The National Liberation Council (NLC) led the Ghanaian government from 24 February 1966 to 1 October 1969. The body emerged from a violent coup d'état (Ghana's first) against the civilian government led by Kwame Nkrumah. The Ghana Police Service and Ghana Armed Forces carried out the coup jointly, with collaboration from the Ghana Civil Service. It is alleged that the plotters were well connected with the governments of Britain (under PM Harold Wilson) and the United States (then under Lyndon B. Johnson), who some believe approved of the coup because Nkrumah challenged their political and economic ambitions in Africa.

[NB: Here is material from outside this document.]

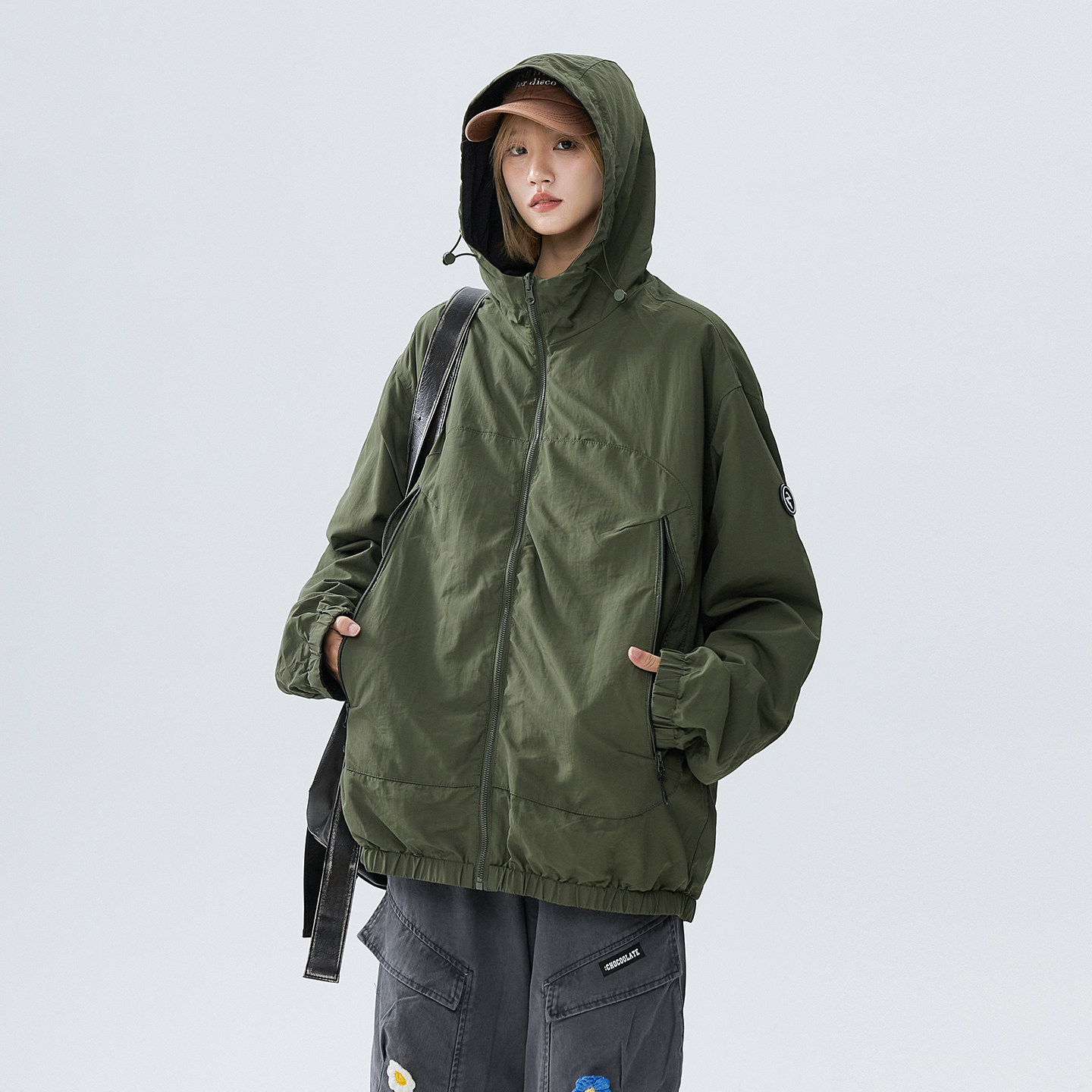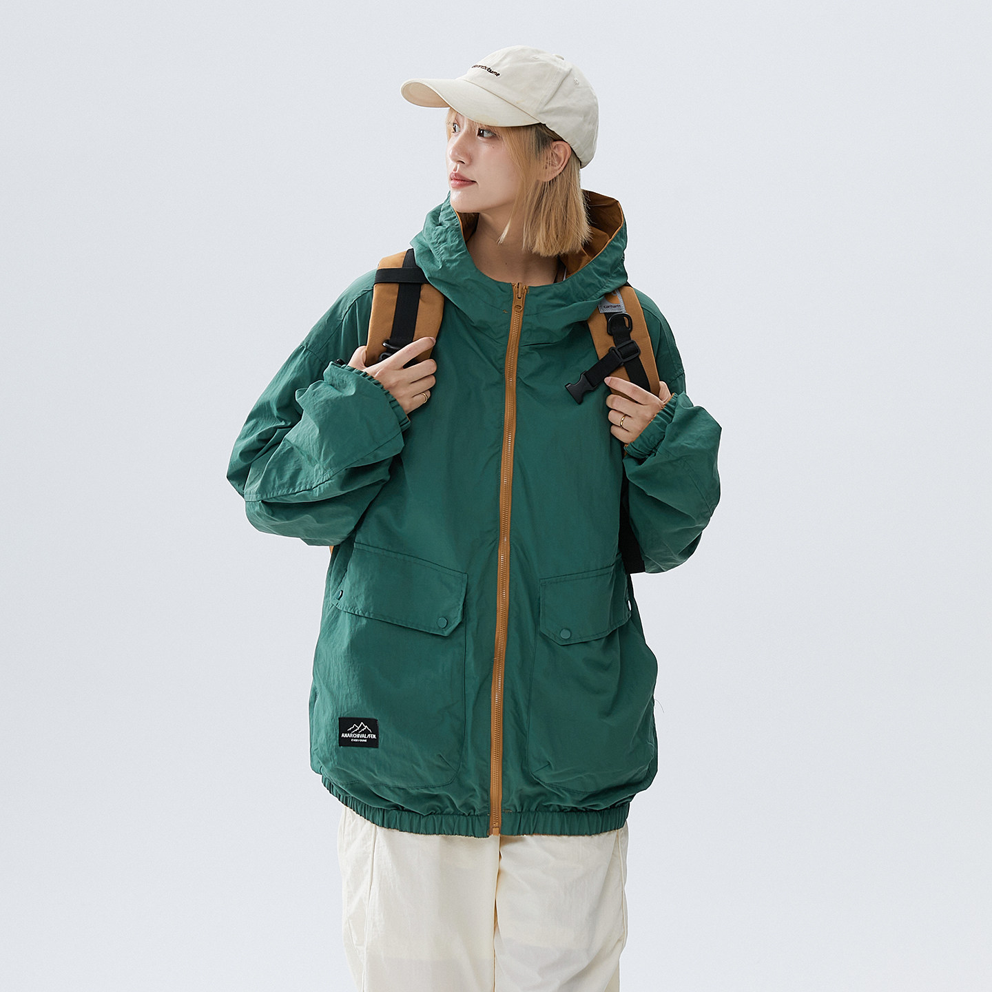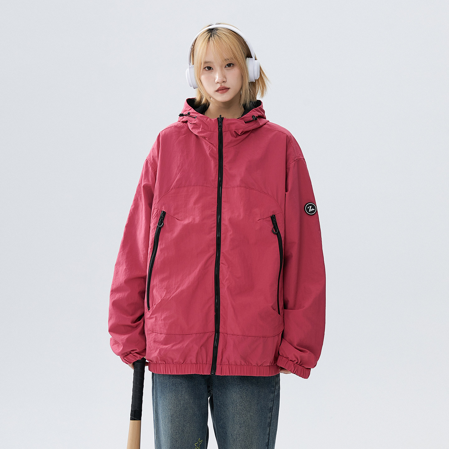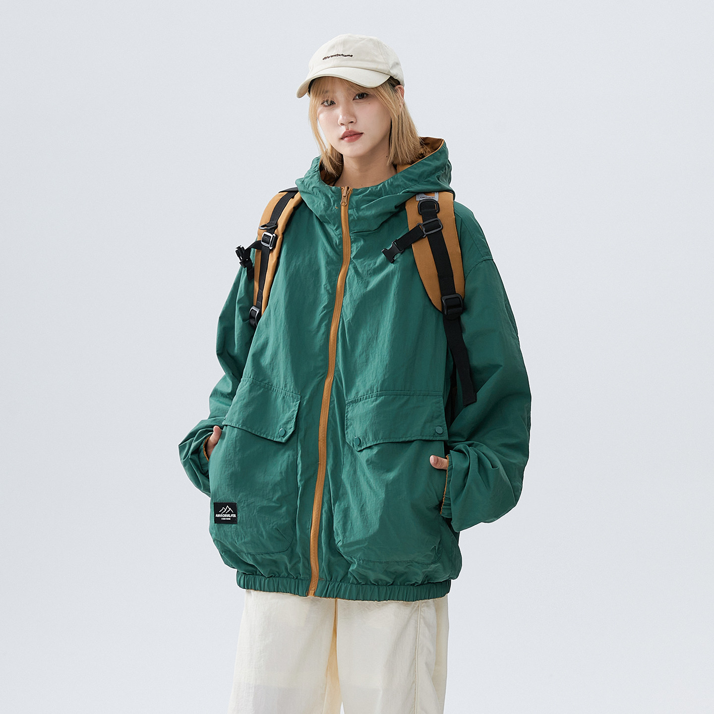 两面穿冲锋衣外套女春秋胖mm大码 夹克潮 宽松学生户外连帽工装

The new government implemented structural adjustment policies recommended by the International Monetary Fund (IMF) and World Bank. Money in the national budget shifted away from agriculture and industrialization towards the military. National enterprises, property, and capital were privatized or abandoned. Whereas Nkrumah had condemned the development projects of multinational corporations as signs of neocolonialism, the NLC allowed foreign conglomerates to operate on extremely favorable terms. The Ghanaian cedi was devalued by 30%. These economic changes did not succeed in reducing the country's debt or in increasing the ratio of exports to imports.

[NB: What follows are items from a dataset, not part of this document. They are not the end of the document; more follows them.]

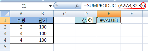 단가(B2:B4)의 같은 요소를 각각 곱하여 합계를 낸 값이 됩니다.
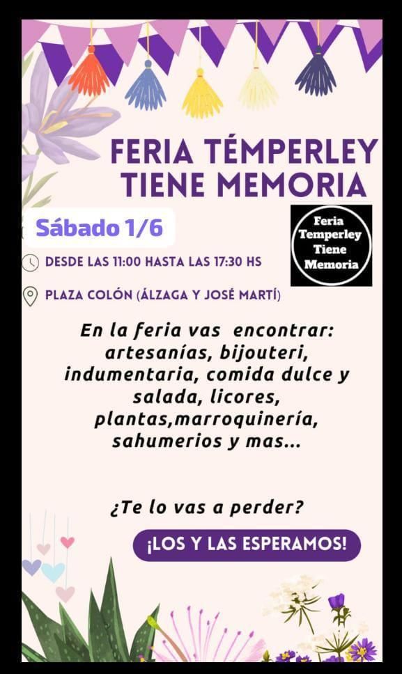 El colectivo Temperley Tiene Memoria llevará a cabo mañana una nueva feria de emprendedores en la Plaza Colón, donde los artesanos locales expondrán sus creaciones y los lomenses disfrutarán de una jornada que ya se convirtió en un emblema para la ciudad.
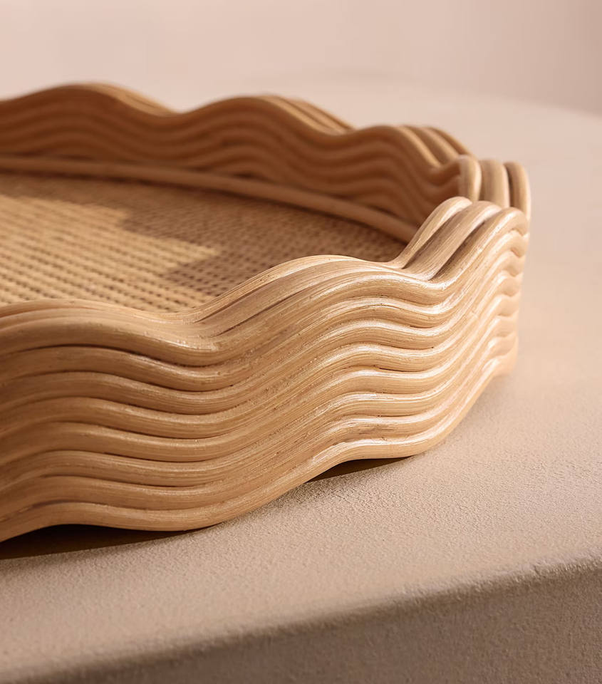 ถาดเสิร์ฟทรงกลมหวายสุดหรู ทำด้วยมือ ถาดโชว์สินค้าหวาย ขอบหยักลายประณีต ของตกแต่งโต๊ะสไตล์คลาสสิก
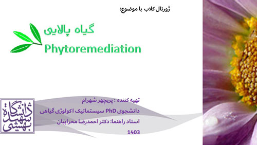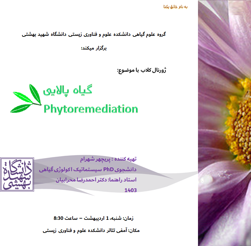 ارائه علمی خانم پریچهر شهرام دانشجوی دکتری سیستماتیک اکولوژی گیاهی دانشکده علوم زیستی با موضوع گیاه پالایی به راهنمایی آقای دکتر احمدرضا محرابیان در تاریخ 1403/2/1، ساعت 8 صبح در آمفی تئاتر دانشکده علوم و فناوری زیستی برگزار شد.
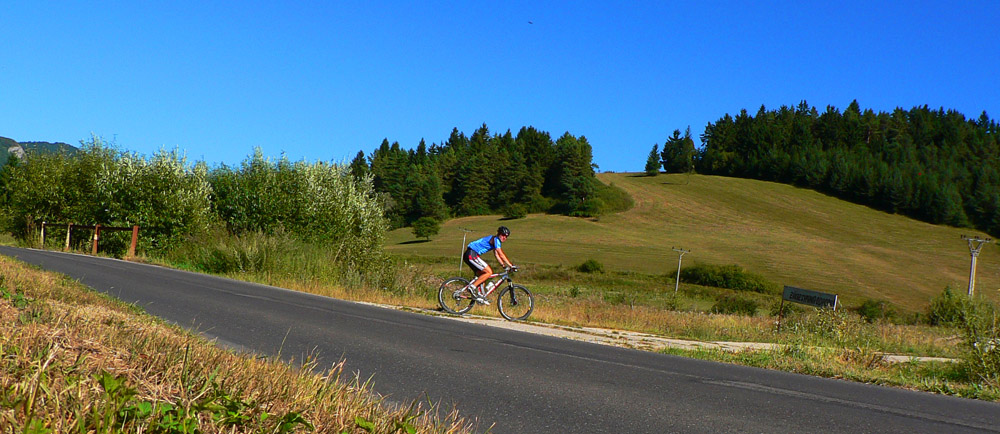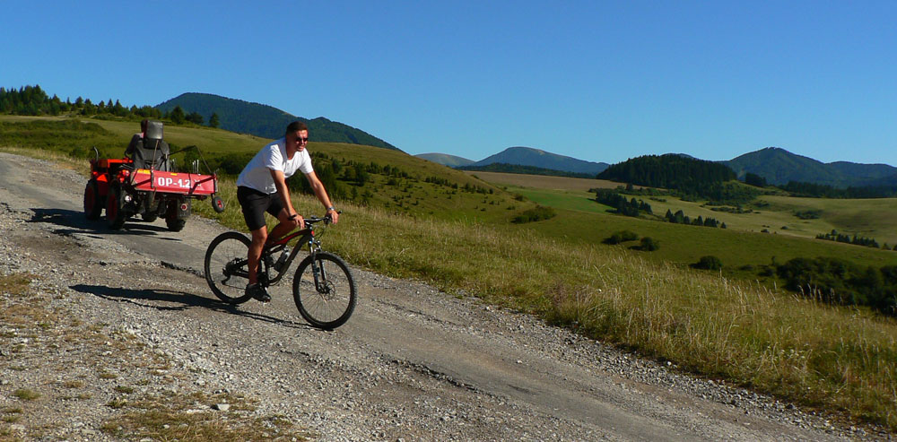 Tam sa dá blbnúť hodiny a hodiny a vidieť odtiaľ na kilometre a kilometre. Ak je teplo, dá sa zájsť po zvážniciach lesom v chládku až na lúky pod Lyscom, ak príde smäd, stačí odbočiť k niektorému salašu a hádam čohosi nalejú :-) Alebo do niektorej z chát v Jasenskej. Povrch je vypasený ako golfový trávnik, bonusom sú ovčie bobky. Treba mať blatník (hovník) aspoň pod bidónom :-)
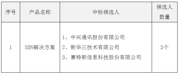 ICCSZ訊 12月13日,中國電信招標網公布2017年省級云資源池試商用SDN工程(一期)中標候選人,中興、新華三、賽特斯三家中標。詳情如下:
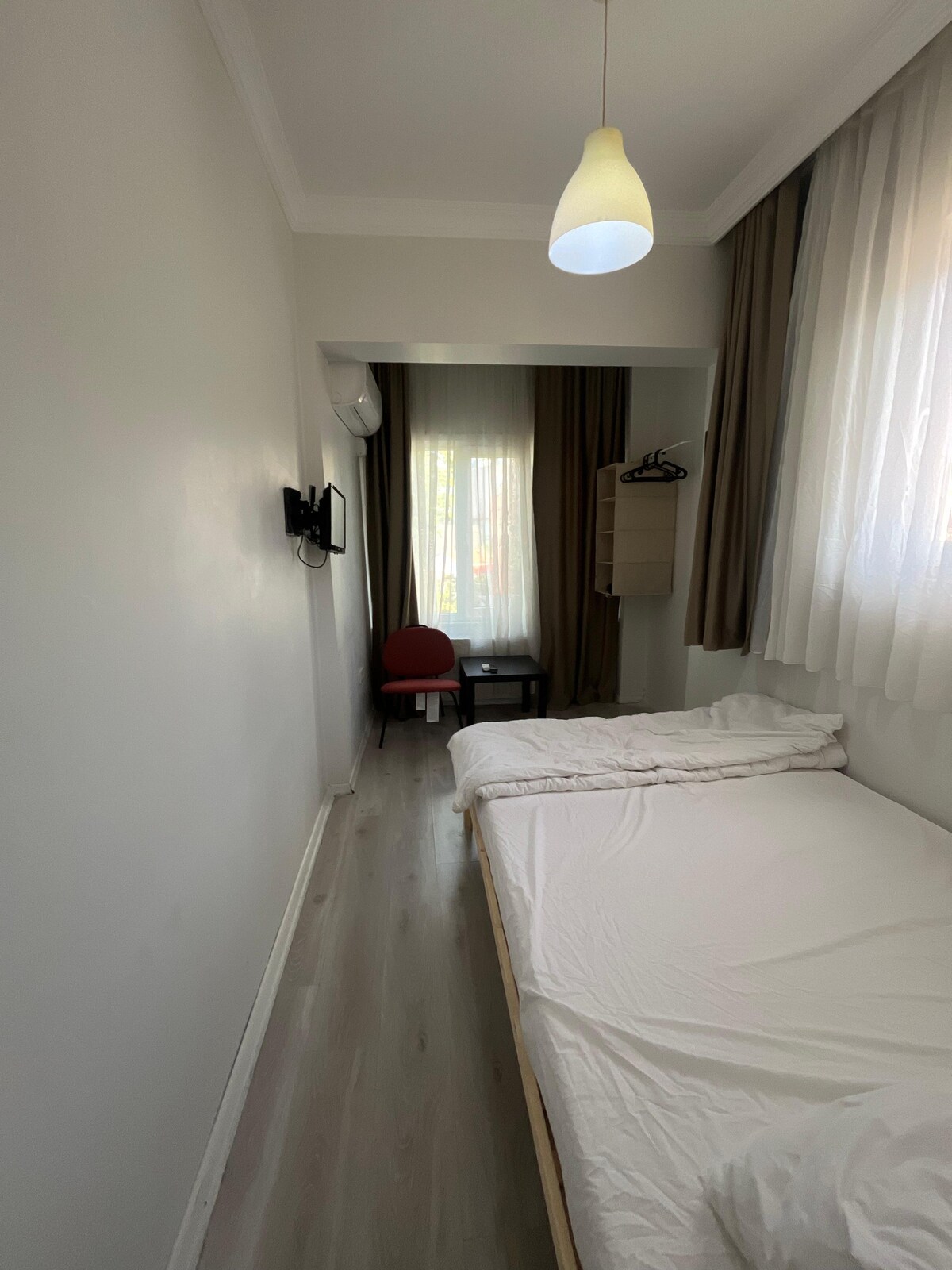 Our room is luxurious, modern and carefully designed. Located in our hotel, this room has a large double bed, a 43-inch smart television and a private bathroom. Our room has a small kitchen with a mini fridge and small kitchen supplies. Our room is on the 3rd floor. There is a 24/7 camera and security system. The exterior door of the building is specially coded and protected. Our room is designed to accommodate 2 people.

The National Liberation Council regime won support from powerful groups in Ghanaian society: local chiefs, intelligentsia, and business leaders, as well as the expanding military and police forces. However, its policies of economic austerity were not beloved of workers at large, who suffered from increasing unemployment and repression of strikes. In 1969 the regime underwent a carefully managed transition to civilian rule. Elections held on 29 August 1969 thus inaugurated a new government led by the NLC's chosen successor: the Progress Party of Kofi Abrefa Busia.